Units? Figure it Out Yourself!
In many cases they have quantities representing physical measurements. They
tend to provide these in both US and metric versions. As CHAR(<n>)
columns,
of course. And the values are not provided in enough precision to produce one
from the other without having a deviation, even when perfect precision is
possible without using some sort of Rational
type to represent things – but
that can be forgiven as mathematical accuracy may be less relevant than
reproducing what appears on a manufacturer’s datasheet.
That said, “metric” is not a unit.

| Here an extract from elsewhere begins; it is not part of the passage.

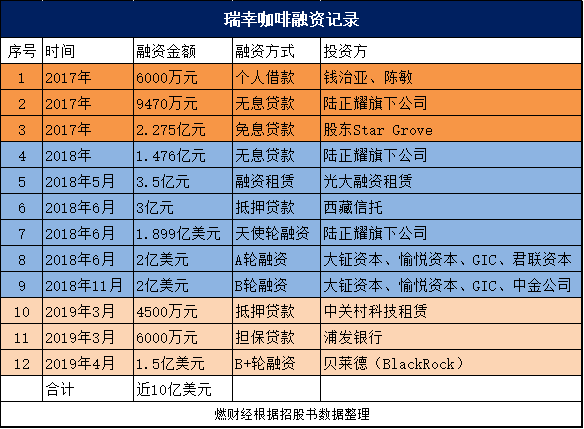 瑞幸咖啡在融资时“两条腿”走路:风险投资+抵押贷款和股东借款,累计融资近10亿美元;

Is BedLengthMetric
in millimeters?
Centimeters? Meters? Is it an integer, or a decimal value (remember, the
columns are all CHAR(<n>)
)? The only way to know is to look at the values –
in each column pair – and judge based on reality, or check the math versus the
US version and see if you need a multiplier of 2.54, or 25.4 to get close.
Oh, did I forget to mention that the units are inconsistent between the US and metric versions of column pairs in various tables? Sorry…
But my personal favorite has to be engine volume. They have three columns to
represent engine volume. And sometimes they just… don’t populate cid
.
Nevermind that the table has all the information needed to do the math…
Of course that’s not the only case where one value or another might be missing, but it’s by far the most commonly occurring.
tl;dr
The ACES datasets look like a COBOL programmer got really drunk, read a book on relational database normalization, had some sort of seizure, and puked all over the database.